What a difference a year makes in direct marketing. Last year we introduced the industry’s first league table of the top 100 spenders in direct mail in a slightly bullish mood. “Can news like this get any better?” we asked, as a prelude to a table of figures that would make any direct marketer sit up straight. How things have changed.

If last year’s table was all about increase in spend, the big news for spend between January and December 2003 is the number of companies who have decreased their budget on mail. In 2003 the number of companies that spent less in the direct mail channel has leapt to 33 – up from 15 in 2002. Worse still is the overall picture. This year 26 companies – more than a quarter of the table – spent less in all of our channels measured (mail, door drop, insert, press and internet) overall. Of these, 21 reduced their mail spend as well. Of the five that spent more in mail while reducing overall spend, for two of these, the increase in mail spend was less than 150,000.

WORRYING TRENDS

If this wasn’t worrying enough, another trend is also emerging – that of the company which reduces its mail spend despite increasing its total direct marketing spend. This year’s table has 11 of these companies compared to only three the year before, and some of these figures show startling disparities. Take Direct Line, down in mail spend by £1.5m but up in overall spend from £28m to £42m. AOL also jumps out. Its mail spend is down by 11 per cent while spend in other channels has nearly doubled from £18m to £33m.
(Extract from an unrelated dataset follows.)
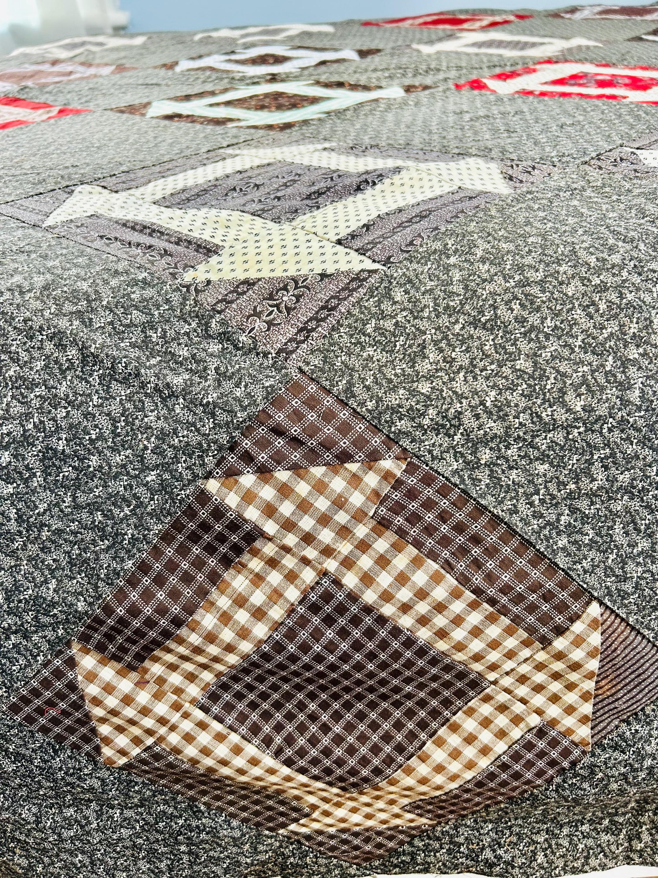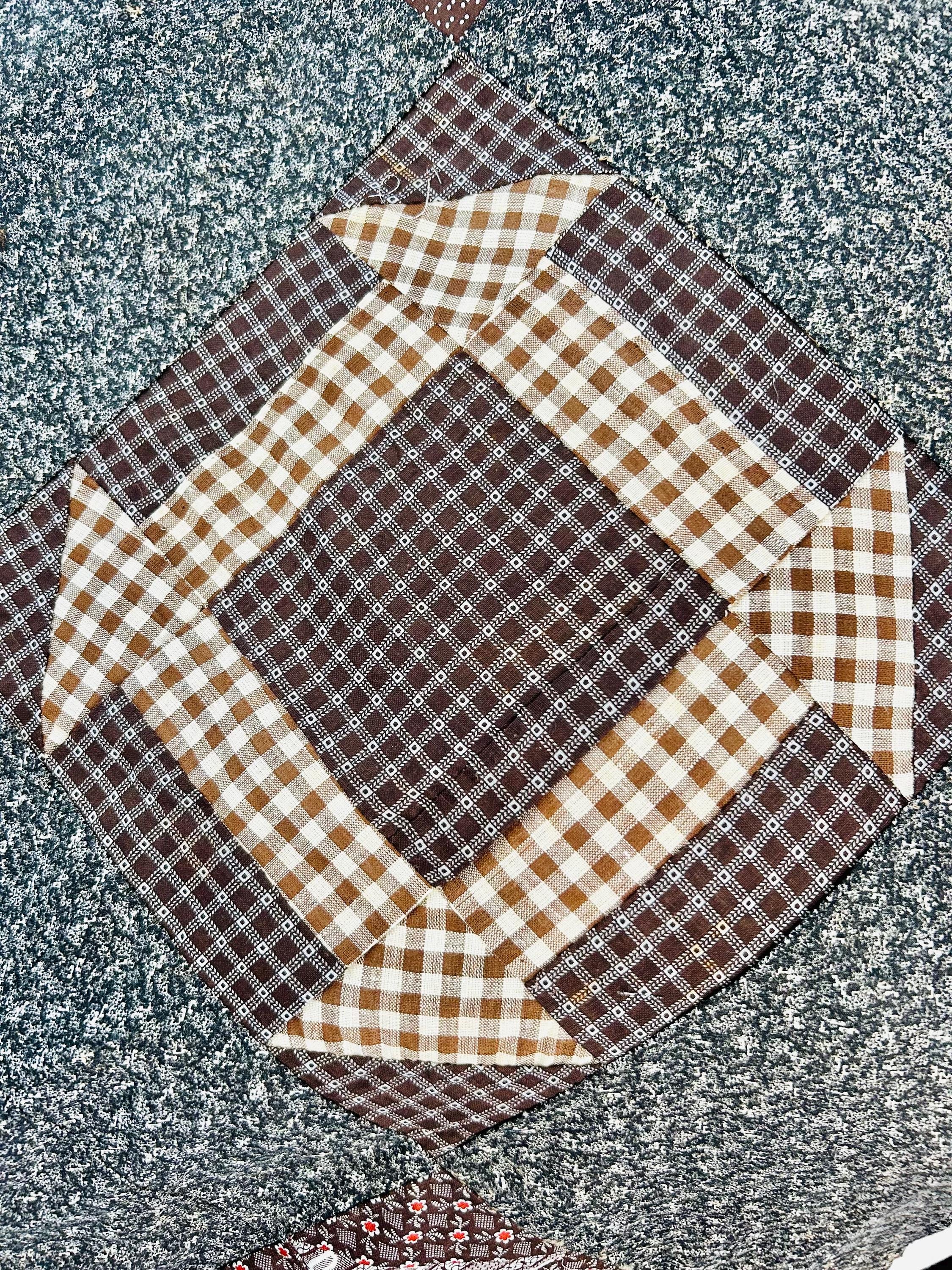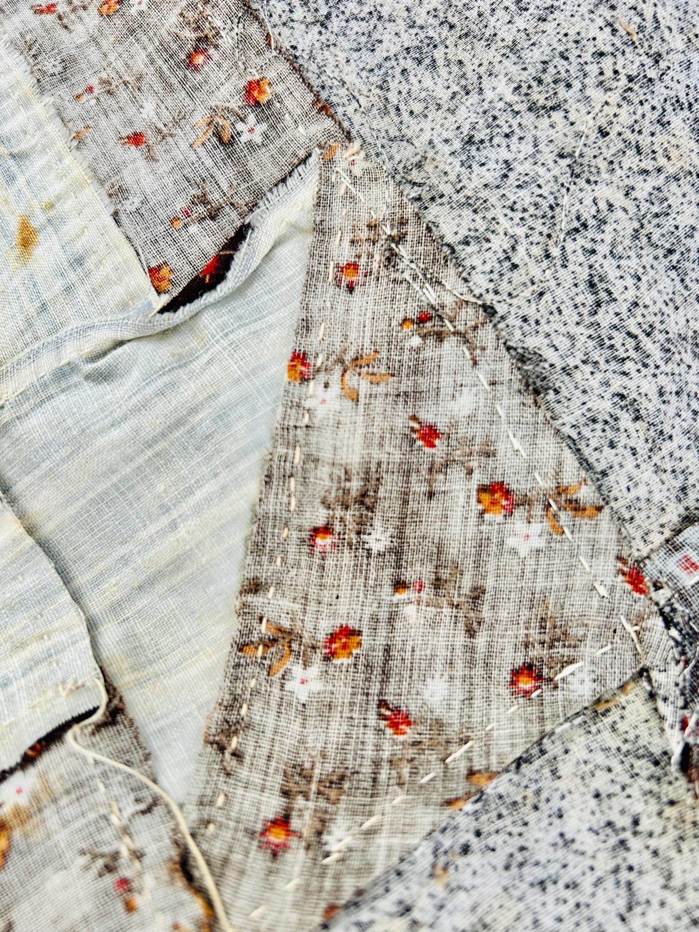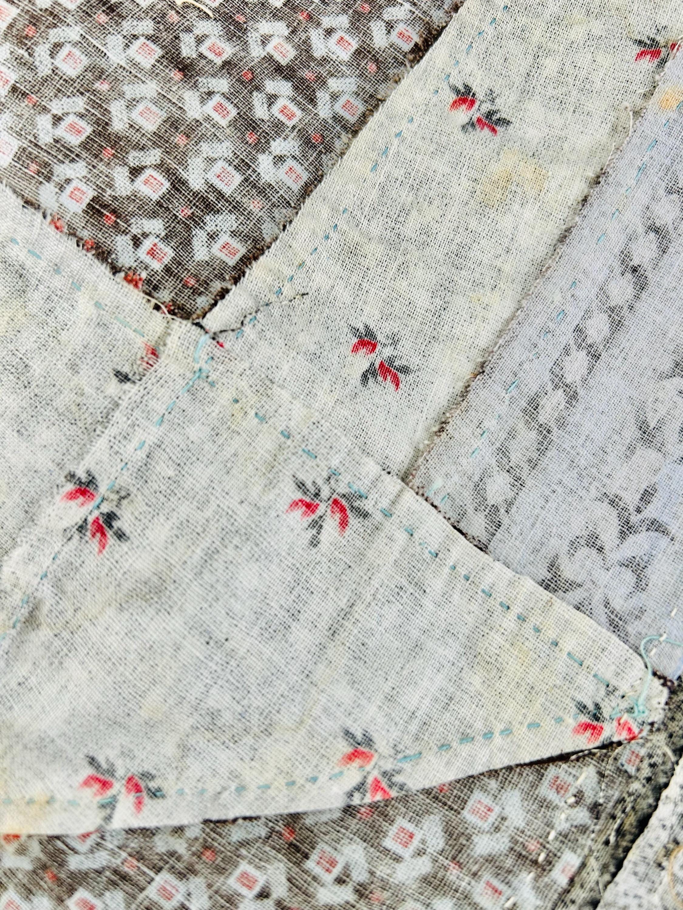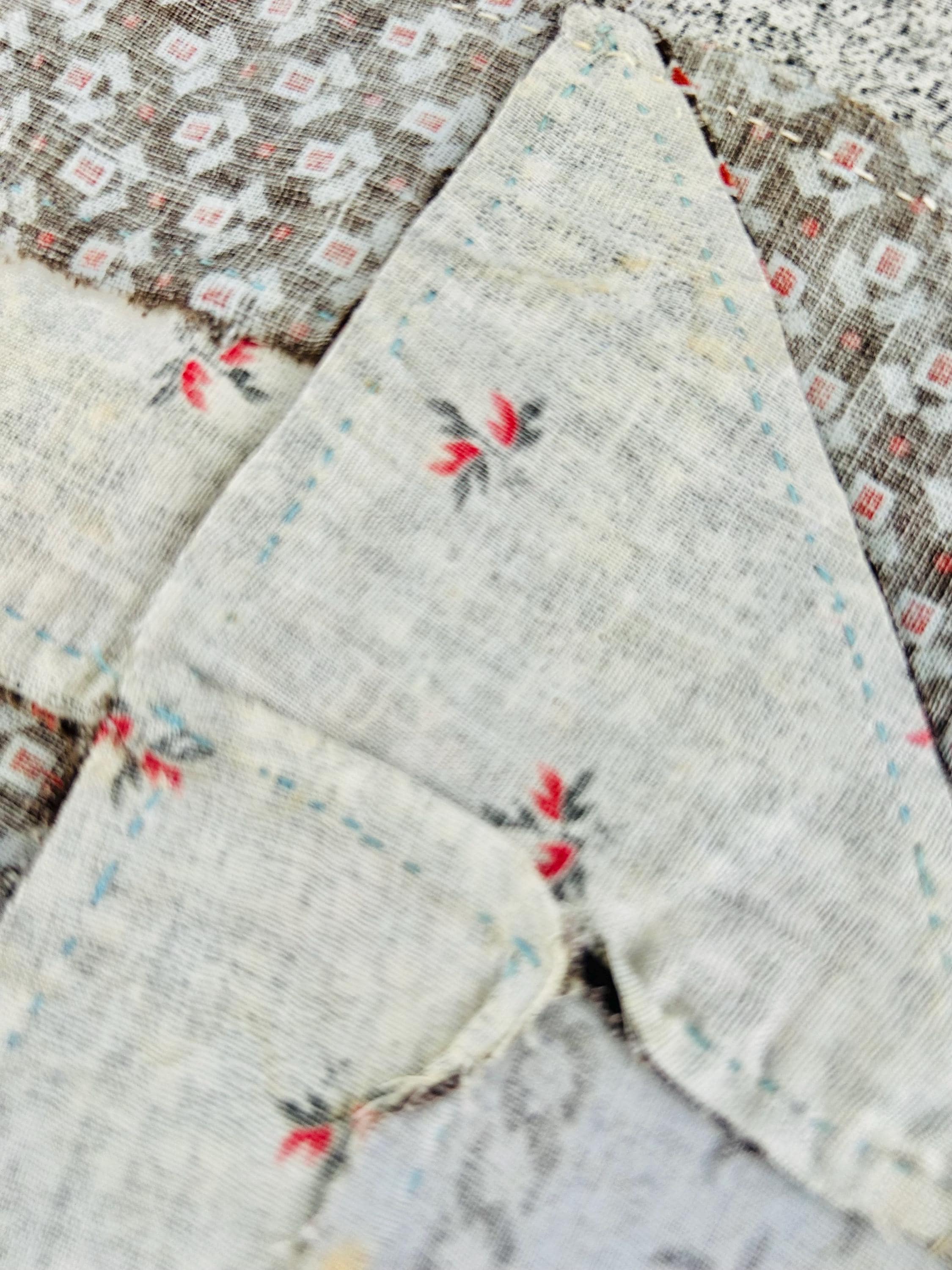 Details: • Age: Circa 1880–1910 • Size: 85 inches x 85 inches • Material: 100% Antique Cotton Calico & Percale • Construction: Hand-pieced (visible stitching on reverse)

The resilience that seemed to characterise 2002 appears to have evaporated. As we discuss later on in this report, the bottom has dropped out of the catalogue market as consumers switch to the internet, and financial services are under strain despite being well represented in the top 100 table. The news is not at all heart-warming.

OVERALL SPEND UP

So why the sense of gloom? On the face of it, 2003 seems to be anything but disappointing. Spend on direct mail by this year’s top 100 was up again, teasingly shy of the magic £1bn mark (£969,931,713). This is still astounding given the entire size of the market is no more than 12 times this. While spend was up by only 9.2 per cent among the top 100, this is small only in comparison to 2002 (where it was a whopping 28 per cent), and it is still double the industry average. Furthermore, the minimum requirement needed to enter the table also creeps quietly up. It was £2.8m in 2002, it’s nearly £3m now.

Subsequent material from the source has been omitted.